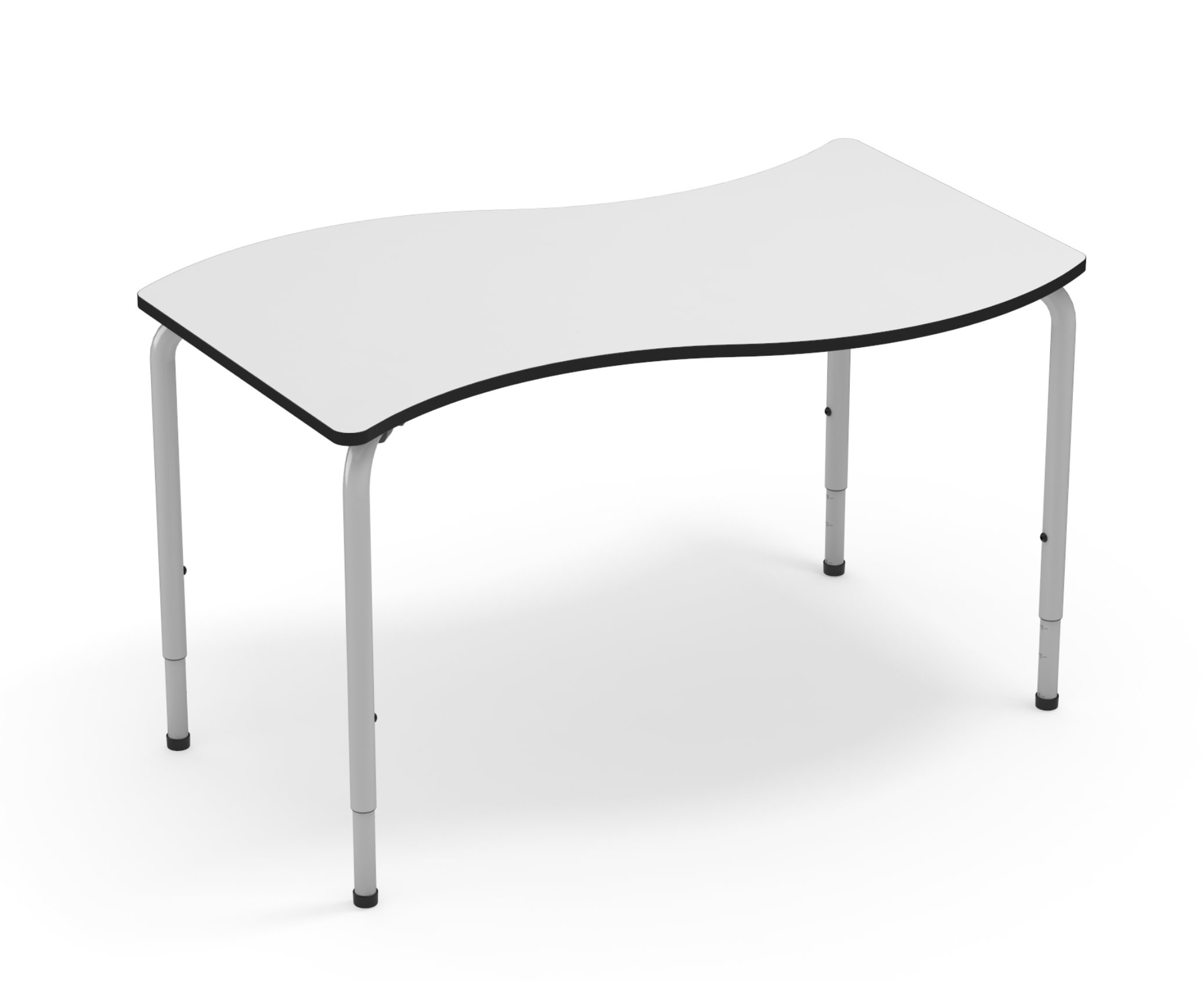 WAVE est une table avec plateau courbé en MDF de 20 mm et structure tubulaire métallique réglable, idéale pour les espaces collaboratifs, salles de classe et zones communes
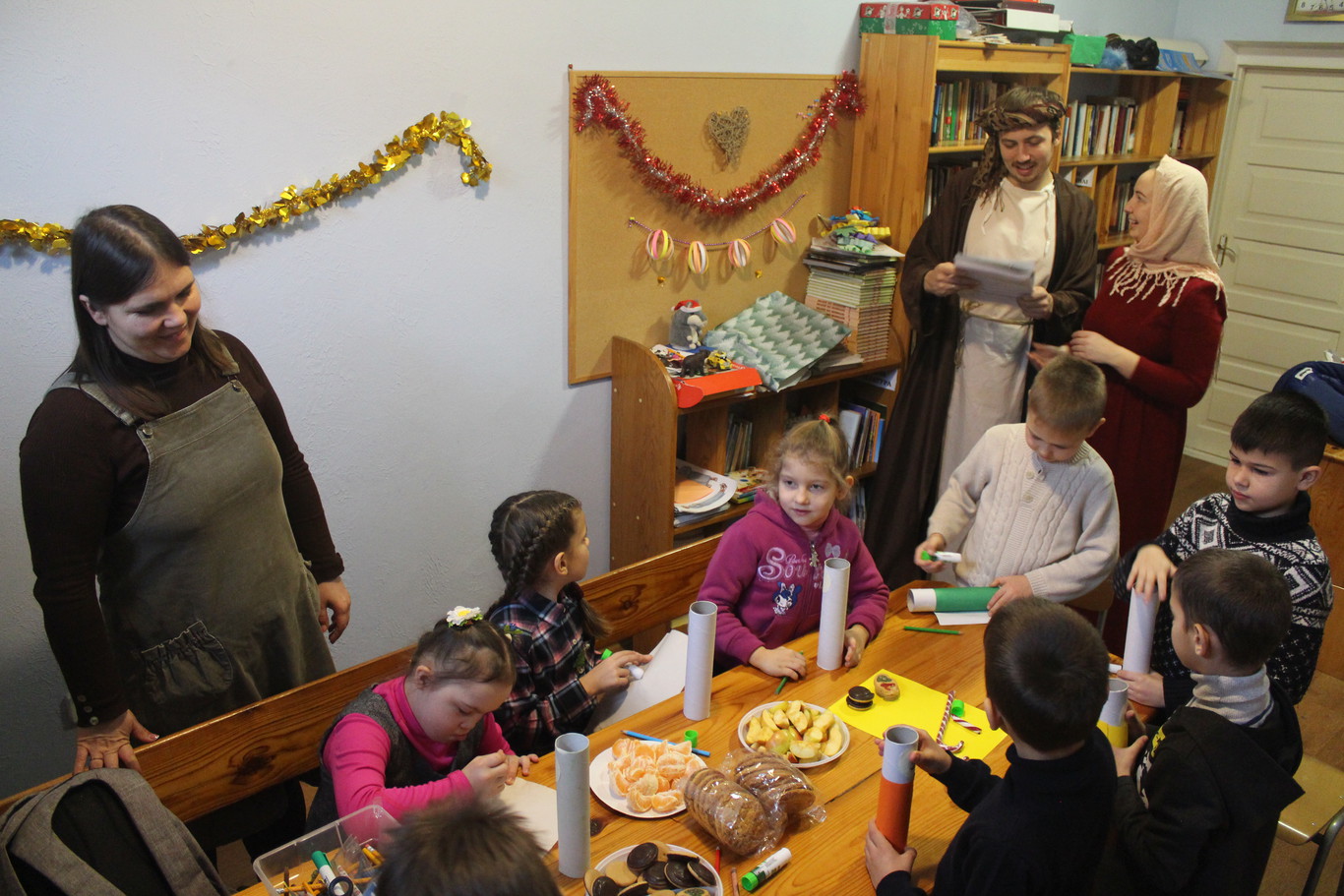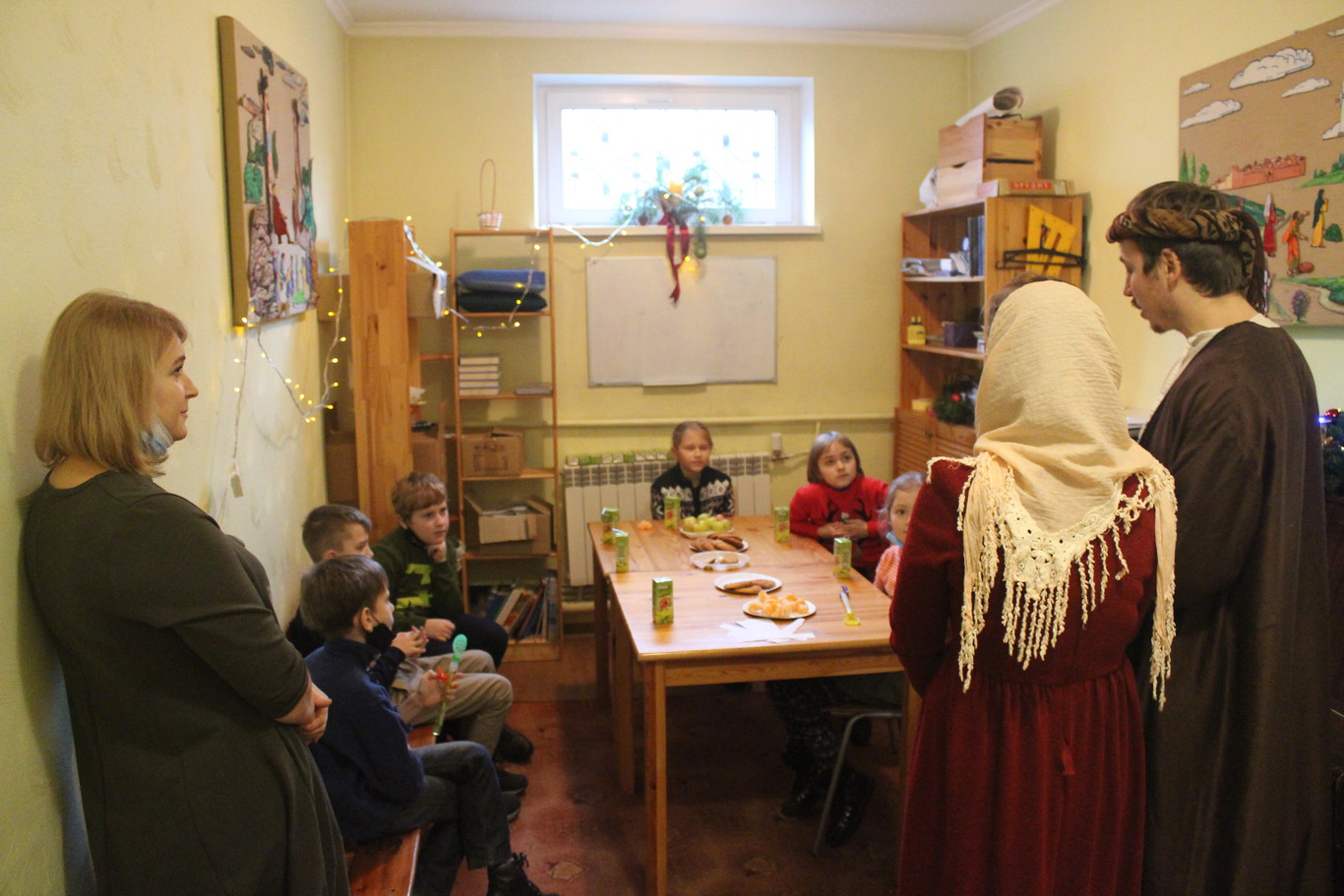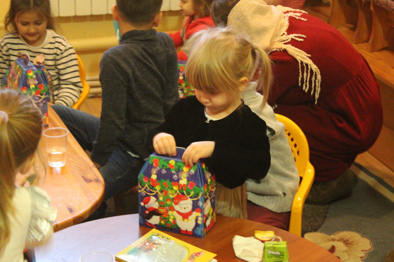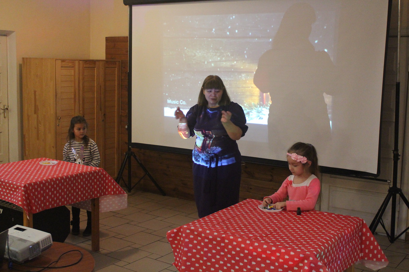 Пение, интересные игры, весёлые конкурсы, а самое главное - история о рождении Иисуса Христа создали праздничное настроение. А какой же праздник без сюрпризов? Особенными гостями на празднике стали Мария и Иосиф, которые провели увлекательную викторину и вручили детям подарки.
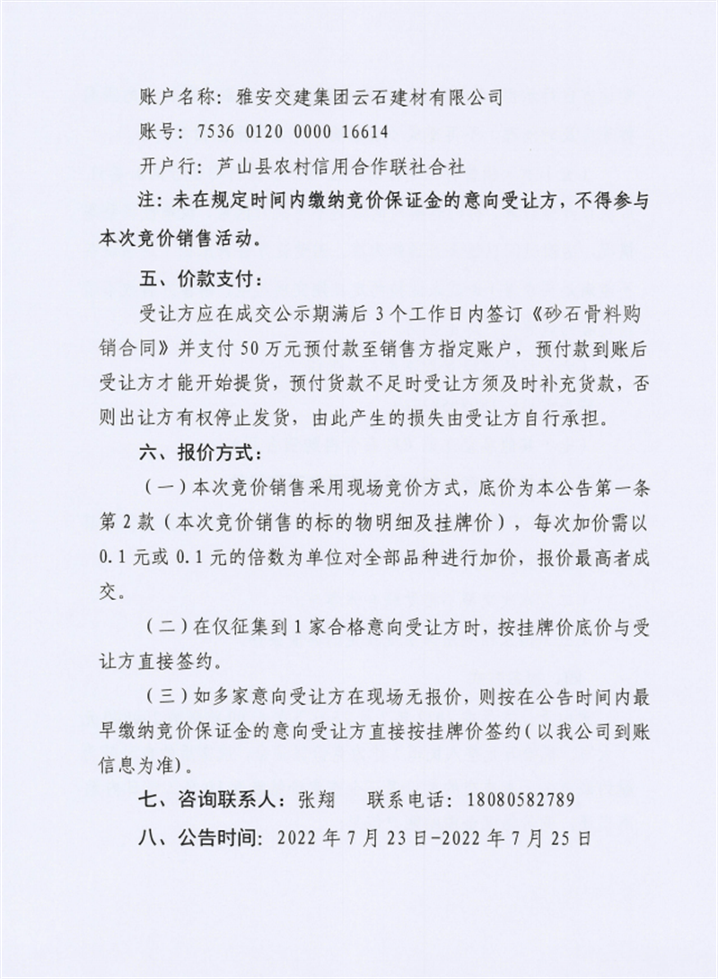 雅安交建集團云石建材有限公司成品料競價銷售公告
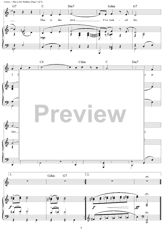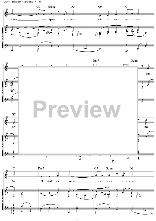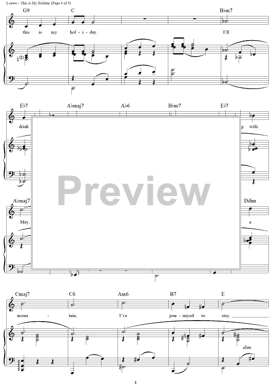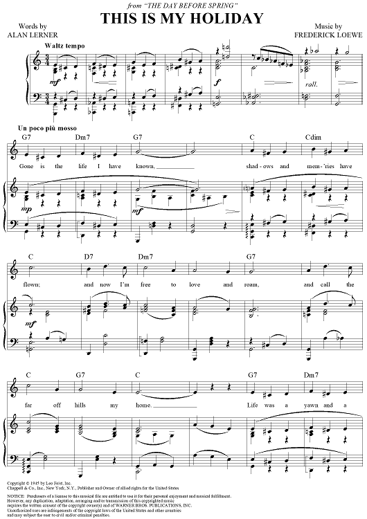 Digital Sheet Music for This is My Holiday by Frederick Loewe, Alan Jay Lerner scored for Piano/Vocal/Chords; id:314339

——

* _REQUIRED ACTION_
What is needed is an exact copy of every line from the one with "Пение, интересные игры, весёлые" to the end of the listing above, with the pictures left out.

* _FINISHED EXERCISE_
 Пение, интересные игры, весёлые конкурсы, а самое главное - история о рождении Иисуса Христа создали праздничное настроение. А какой же праздник без сюрпризов? Особенными гостями на празднике стали Мария и Иосиф, которые провели увлекательную викторину и вручили детям подарки.
 雅安交建集團云石建材有限公司成品料競價銷售公告
 Digital Sheet Music for This is My Holiday by Frederick Loewe, Alan Jay Lerner scored for Piano/Vocal/Chords; id:314339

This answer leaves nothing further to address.